[Opening Material supplied section]

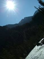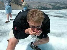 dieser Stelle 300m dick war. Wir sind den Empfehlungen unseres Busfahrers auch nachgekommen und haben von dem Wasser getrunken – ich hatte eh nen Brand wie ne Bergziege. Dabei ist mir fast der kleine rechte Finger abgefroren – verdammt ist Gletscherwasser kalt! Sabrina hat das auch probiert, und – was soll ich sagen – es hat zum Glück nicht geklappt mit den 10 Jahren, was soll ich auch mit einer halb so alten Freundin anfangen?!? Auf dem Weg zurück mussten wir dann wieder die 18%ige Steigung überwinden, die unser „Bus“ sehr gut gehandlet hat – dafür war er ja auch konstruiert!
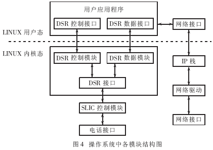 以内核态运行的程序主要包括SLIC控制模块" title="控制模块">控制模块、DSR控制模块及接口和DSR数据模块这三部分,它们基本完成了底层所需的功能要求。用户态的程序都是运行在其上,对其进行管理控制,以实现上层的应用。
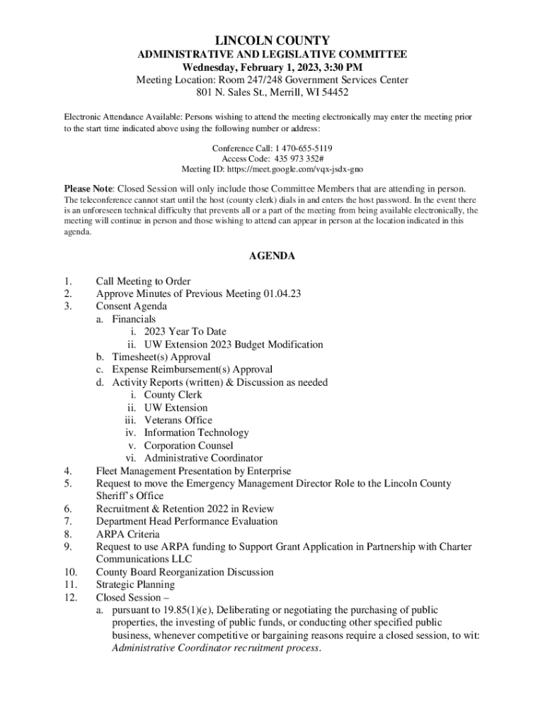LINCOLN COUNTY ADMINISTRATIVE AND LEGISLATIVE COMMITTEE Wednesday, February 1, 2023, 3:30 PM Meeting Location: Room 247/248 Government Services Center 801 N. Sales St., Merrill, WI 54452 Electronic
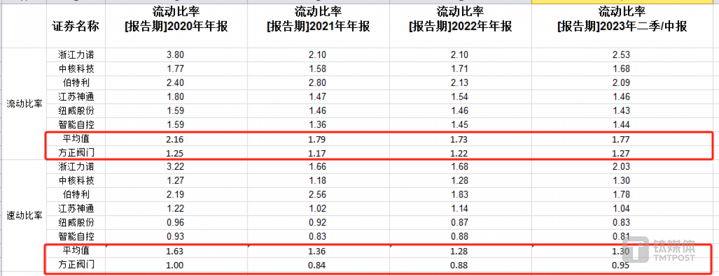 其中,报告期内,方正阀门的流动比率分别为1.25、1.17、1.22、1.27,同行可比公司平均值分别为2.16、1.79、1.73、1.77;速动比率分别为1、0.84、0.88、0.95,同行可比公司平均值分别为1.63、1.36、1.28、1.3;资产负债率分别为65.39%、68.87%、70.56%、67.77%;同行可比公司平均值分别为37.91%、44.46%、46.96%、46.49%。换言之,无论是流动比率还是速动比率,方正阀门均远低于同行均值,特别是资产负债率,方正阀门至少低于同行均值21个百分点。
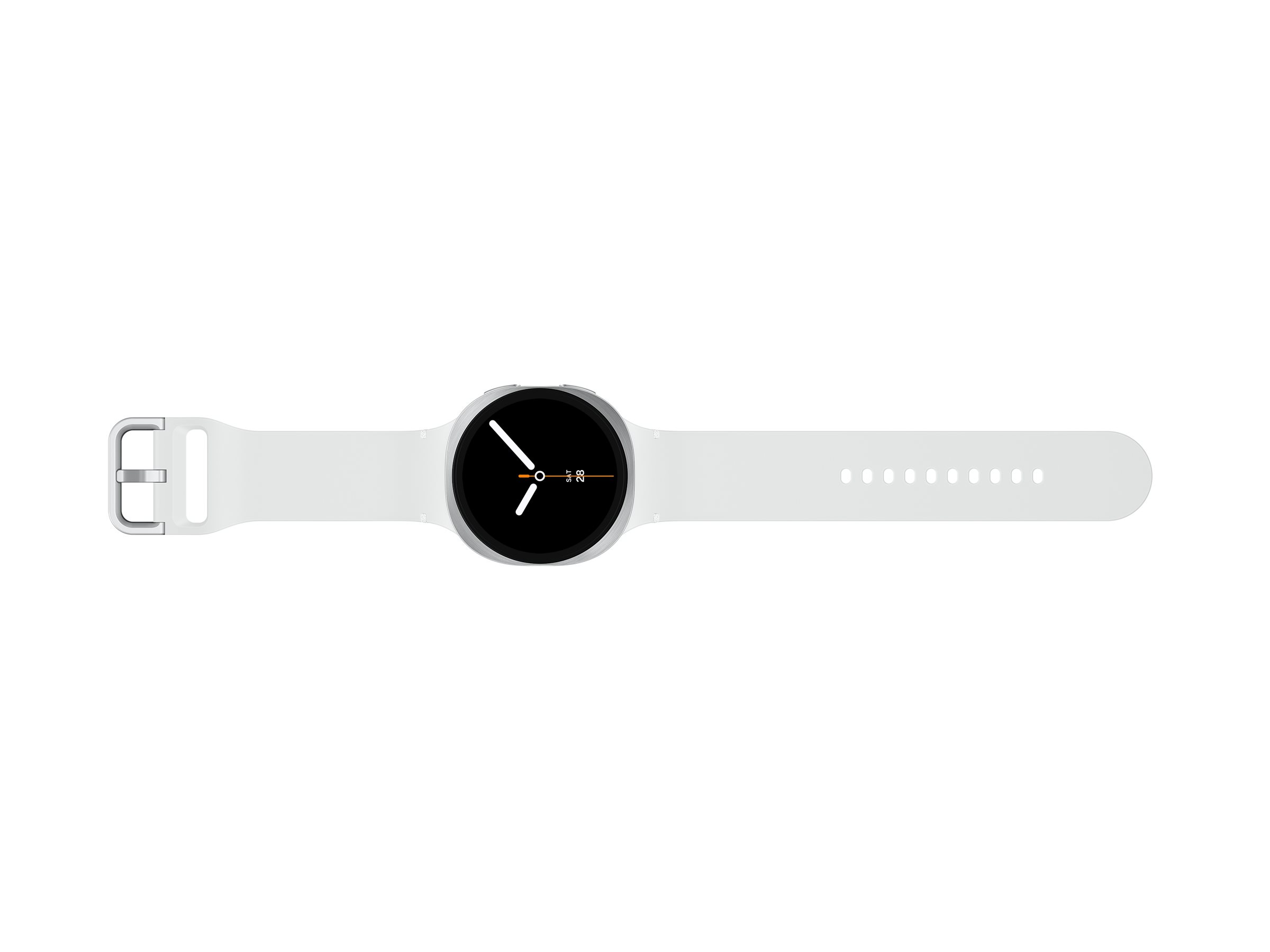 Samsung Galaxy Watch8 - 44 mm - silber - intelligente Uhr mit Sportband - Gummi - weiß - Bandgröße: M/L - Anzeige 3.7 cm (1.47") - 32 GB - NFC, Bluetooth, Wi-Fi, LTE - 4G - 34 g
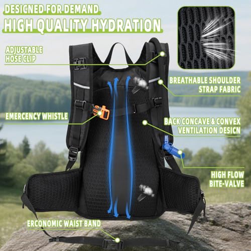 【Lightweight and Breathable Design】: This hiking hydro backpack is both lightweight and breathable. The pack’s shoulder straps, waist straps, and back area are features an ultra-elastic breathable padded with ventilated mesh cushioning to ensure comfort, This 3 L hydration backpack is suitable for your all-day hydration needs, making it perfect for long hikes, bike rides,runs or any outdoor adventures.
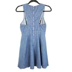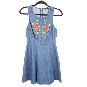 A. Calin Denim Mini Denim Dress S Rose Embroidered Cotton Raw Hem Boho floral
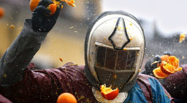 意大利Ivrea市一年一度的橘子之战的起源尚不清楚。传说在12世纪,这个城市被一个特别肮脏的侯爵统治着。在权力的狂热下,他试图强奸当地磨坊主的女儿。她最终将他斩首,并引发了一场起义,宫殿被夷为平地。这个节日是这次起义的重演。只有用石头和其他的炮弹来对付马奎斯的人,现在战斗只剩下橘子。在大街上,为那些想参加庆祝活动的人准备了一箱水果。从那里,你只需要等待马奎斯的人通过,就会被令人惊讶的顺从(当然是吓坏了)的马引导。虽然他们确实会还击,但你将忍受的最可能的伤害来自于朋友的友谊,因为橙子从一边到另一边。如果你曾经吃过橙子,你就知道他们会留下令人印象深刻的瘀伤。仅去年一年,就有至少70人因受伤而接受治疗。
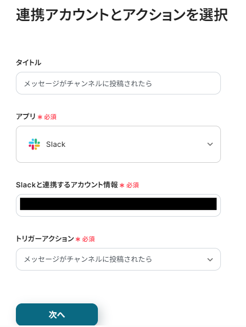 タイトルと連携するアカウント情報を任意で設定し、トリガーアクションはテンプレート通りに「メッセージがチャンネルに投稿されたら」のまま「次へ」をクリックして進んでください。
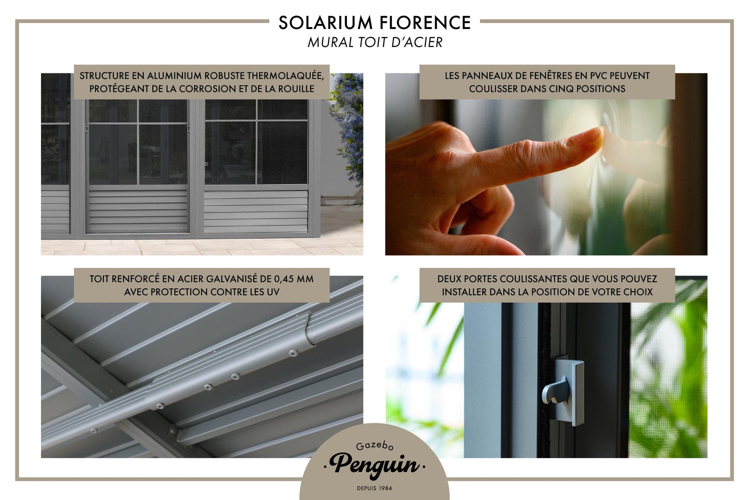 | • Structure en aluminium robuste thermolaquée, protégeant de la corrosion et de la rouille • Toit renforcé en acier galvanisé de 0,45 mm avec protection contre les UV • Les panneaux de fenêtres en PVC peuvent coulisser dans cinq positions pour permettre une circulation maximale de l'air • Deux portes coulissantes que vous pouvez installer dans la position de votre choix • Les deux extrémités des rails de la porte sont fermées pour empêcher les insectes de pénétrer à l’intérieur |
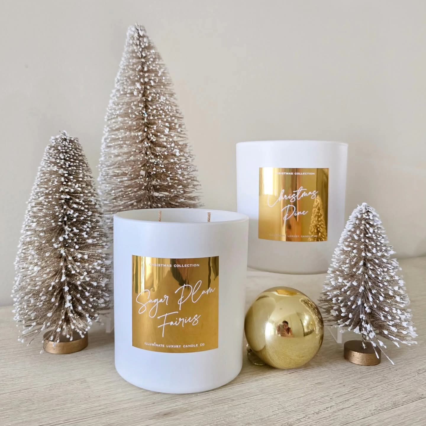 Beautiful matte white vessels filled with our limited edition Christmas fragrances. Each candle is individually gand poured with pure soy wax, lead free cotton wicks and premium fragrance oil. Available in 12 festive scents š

[Closing Material supplied section]

Directions — Write out the data above exactly, minus any images.

Exercise answer —
 dieser Stelle 300m dick war. Wir sind den Empfehlungen unseres Busfahrers auch nachgekommen und haben von dem Wasser getrunken – ich hatte eh nen Brand wie ne Bergziege. Dabei ist mir fast der kleine rechte Finger abgefroren – verdammt ist Gletscherwasser kalt! Sabrina hat das auch probiert, und – was soll ich sagen – es hat zum Glück nicht geklappt mit den 10 Jahren, was soll ich auch mit einer halb so alten Freundin anfangen?!? Auf dem Weg zurück mussten wir dann wieder die 18%ige Steigung überwinden, die unser „Bus“ sehr gut gehandlet hat – dafür war er ja auch konstruiert!
 以内核态运行的程序主要包括SLIC控制模块" title="控制模块">控制模块、DSR控制模块及接口和DSR数据模块这三部分,它们基本完成了底层所需的功能要求。用户态的程序都是运行在其上,对其进行管理控制,以实现上层的应用。
LINCOLN COUNTY ADMINISTRATIVE AND LEGISLATIVE COMMITTEE Wednesday, February 1, 2023, 3:30 PM Meeting Location: Room 247/248 Government Services Center 801 N. Sales St., Merrill, WI 54452 Electronic
 其中,报告期内,方正阀门的流动比率分别为1.25、1.17、1.22、1.27,同行可比公司平均值分别为2.16、1.79、1.73、1.77;速动比率分别为1、0.84、0.88、0.95,同行可比公司平均值分别为1.63、1.36、1.28、1.3;资产负债率分别为65.39%、68.87%、70.56%、67.77%;同行可比公司平均值分别为37.91%、44.46%、46.96%、46.49%。换言之,无论是流动比率还是速动比率,方正阀门均远低于同行均值,特别是资产负债率,方正阀门至少低于同行均值21个百分点。
 Samsung Galaxy Watch8 - 44 mm - silber - intelligente Uhr mit Sportband - Gummi - weiß - Bandgröße: M/L - Anzeige 3.7 cm (1.47") - 32 GB - NFC, Bluetooth, Wi-Fi, LTE - 4G - 34 g
 【Lightweight and Breathable Design】: This hiking hydro backpack is both lightweight and breathable. The pack’s shoulder straps, waist straps, and back area are features an ultra-elastic breathable padded with ventilated mesh cushioning to ensure comfort, This 3 L hydration backpack is suitable for your all-day hydration needs, making it perfect for long hikes, bike rides,runs or any outdoor adventures.
 A. Calin Denim Mini Denim Dress S Rose Embroidered Cotton Raw Hem Boho floral
 意大利Ivrea市一年一度的橘子之战的起源尚不清楚。传说在12世纪,这个城市被一个特别肮脏的侯爵统治着。在权力的狂热下,他试图强奸当地磨坊主的女儿。她最终将他斩首,并引发了一场起义,宫殿被夷为平地。这个节日是这次起义的重演。只有用石头和其他的炮弹来对付马奎斯的人,现在战斗只剩下橘子。在大街上,为那些想参加庆祝活动的人准备了一箱水果。从那里,你只需要等待马奎斯的人通过,就会被令人惊讶的顺从(当然是吓坏了)的马引导。虽然他们确实会还击,但你将忍受的最可能的伤害来自于朋友的友谊,因为橙子从一边到另一边。如果你曾经吃过橙子,你就知道他们会留下令人印象深刻的瘀伤。仅去年一年,就有至少70人因受伤而接受治疗。
 タイトルと連携するアカウント情報を任意で設定し、トリガーアクションはテンプレート通りに「メッセージがチャンネルに投稿されたら」のまま「次へ」をクリックして進んでください。
 | • Structure en aluminium robuste thermolaquée, protégeant de la corrosion et de la rouille • Toit renforcé en acier galvanisé de 0,45 mm avec protection contre les UV • Les panneaux de fenêtres en PVC peuvent coulisser dans cinq positions pour permettre une circulation maximale de l'air • Deux portes coulissantes que vous pouvez installer dans la position de votre choix • Les deux extrémités des rails de la porte sont fermées pour empêcher les insectes de pénétrer à l’intérieur |
 Beautiful matte white vessels filled with our limited edition Christmas fragrances. Each candle is individually gand poured with pure soy wax, lead free cotton wicks and premium fragrance oil. Available in 12 festive scents š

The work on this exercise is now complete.